Kelly stood at parade rest, shoulders drawn back, fingers of both hands wrapped around her mug, eyes fixed on a watermark on the wall. Blues hunched over the sink, humming something unidentifiable under his breath, pausing only long enough to take an occasional sip. Sandra lounged against the refrigerator, drawing invisible circles on the hardwood floor with her bare toes. Mason filled the doorway between the kitchen and the den, bottling them up. Steam rose from coffee cups. Nothing else moved.

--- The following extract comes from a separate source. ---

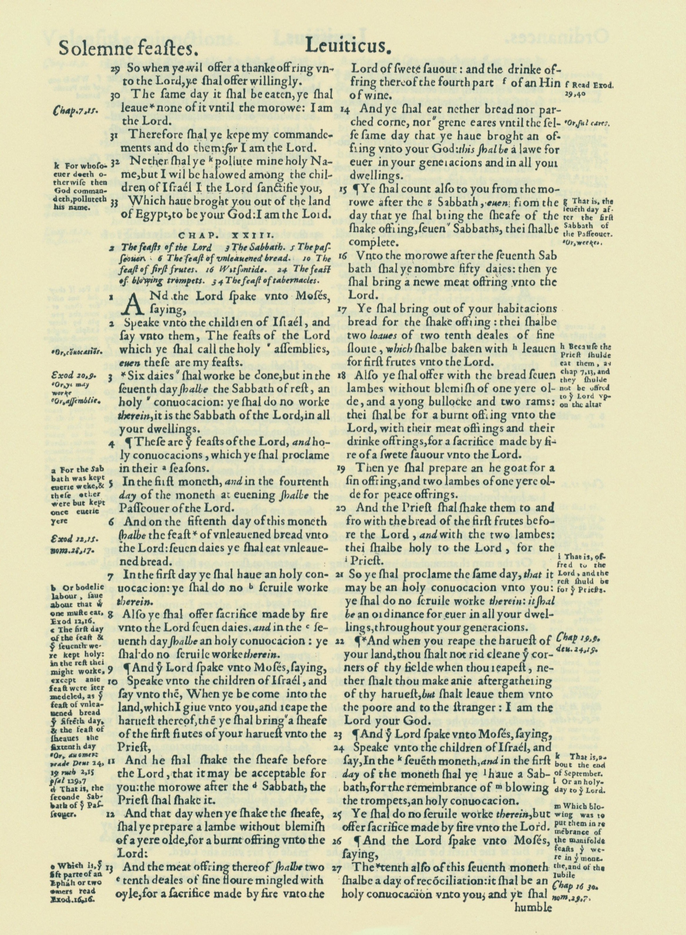 1560年THE BIBLE AND HOLY SCRIPTURES 利未記 22 章 29 節到 23 章 27 節

  “Kelly—,” Blues began, his back still to her. “Lou and Sandra were in a jam. We had to get them out of there before Camaya came back.”

  “Goddammit, Bluestone! You were a cop! How could you be so stupid? You let him run around until he almost gets himself and Sandra killed and then you leave the scene of a homicide! And just for kicks, you drop the whole mess in my lap!”

  Blues placed his cup on the Formica countertop and watched a pair of squirrels chase each other in the grass.

  “You called it in, didn’t you?”

  “The body, the one you called Julio? You knew I would the minute you told me what happened.”

  “Kansas City cops or the feds?”

  “Kansas City—it’s their jurisdiction.”

  “They told you someone had already called it in.”

  “Yeah. How did you know?”

  “Because I called it in from the car. You call them back this morning to find out what went down?”

  “Yes.” The edge was gone from her answer.

  Blues turned around, facing Kelly, and raised himself onto the counter. “And they told you they checked it out and didn’t find a body.”

  Kelly’s face softened as she nodded her reply.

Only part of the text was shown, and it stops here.